3 coins interpretation of the boy and girl paradox

Question

Mr. Smith has two children. At least one of them is a boy. What is the probability that both children are boys?

I think I have come up with a new interpretation for this problem. If children where coins, boys were heads and girls were tails, we would have $3$ coins: $2$ of them can be both heads and tails, and the other one is loaded so it can only be heads. We start throwing one of the $2$ normal coins. If it is heads, we throw the other normal coin. If it is tails, we throw the loaded coin. This way, the chance of both coins being heads ends up being ${1 \over 2}\cdot {1 \over 2}$, which is ${1 \over 4}$. This is neither ${1 \over 3}$ nor ${1 \over 2}$, which are the classic answers to this problem.

Is my interpretation wrong?

Answer 1

In your method you are calculating based on the chance that if the first throw of normal coin is a head, however in the original problem one head is always guaranteed

Answer 2

This would be easier with two coins, both fair.

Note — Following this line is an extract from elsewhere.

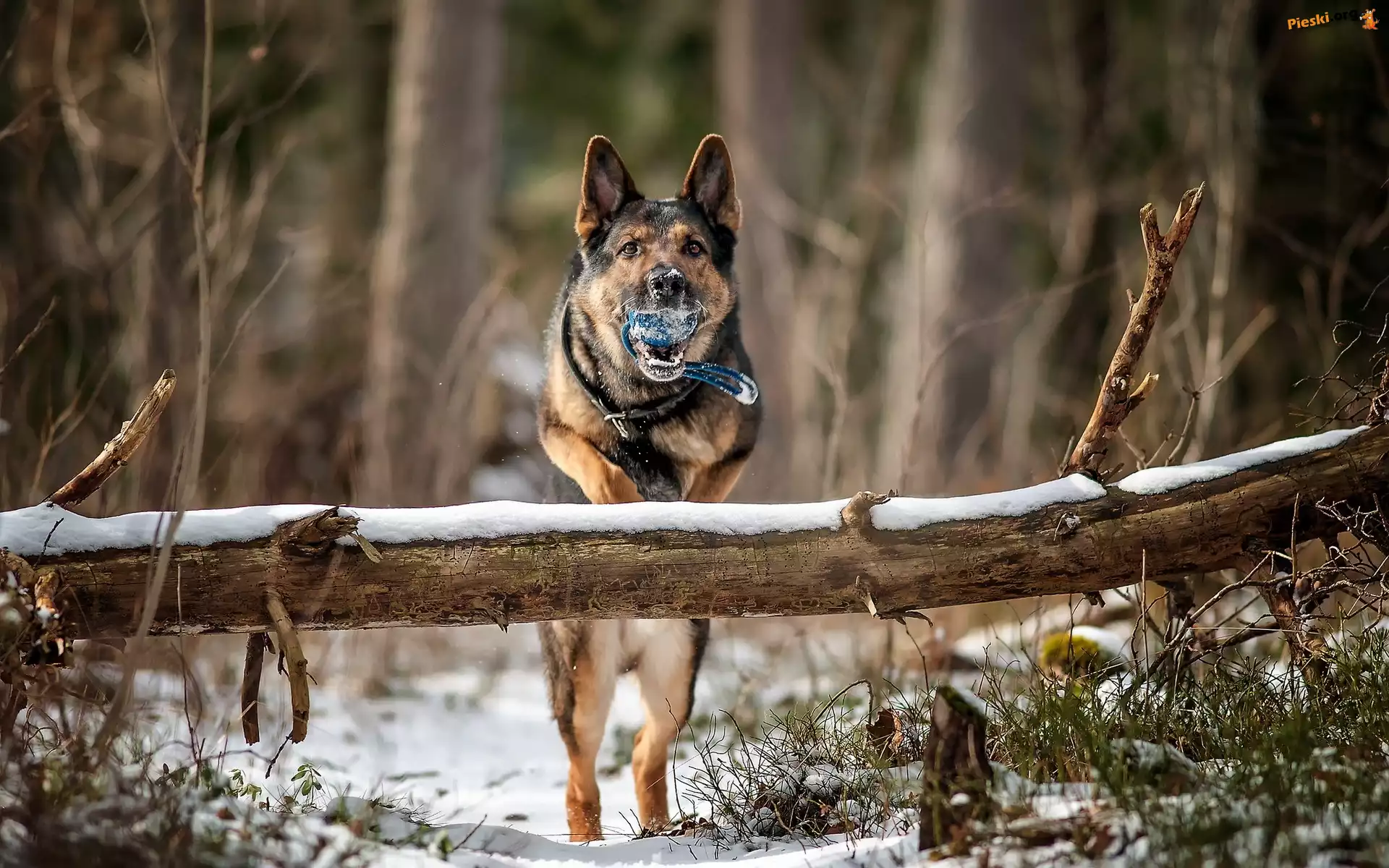 Las, Piłka, Pies, Zabawa, Zima, Pieski

Version (a): toss both coins. If both are tails, start again. Otherwise record what happened. About $\frac{1}{3}$ of records will show two heads.

Version (b): toss the first coin. If it is tails, start again. Otherwise toss the second coin and record what happened. About $\frac{1}{2}$ of records will show two heads.

Your version is closer to "There is a family who wants at least one son. If their first child is a boy they will have another child, but if it is a girl then they intend to use adoption or gender-selective abortion to make sure their second is a boy." That indeed would give a probability of $\frac14$ for the probability of two boys, but it is not either of the standard forms of the question.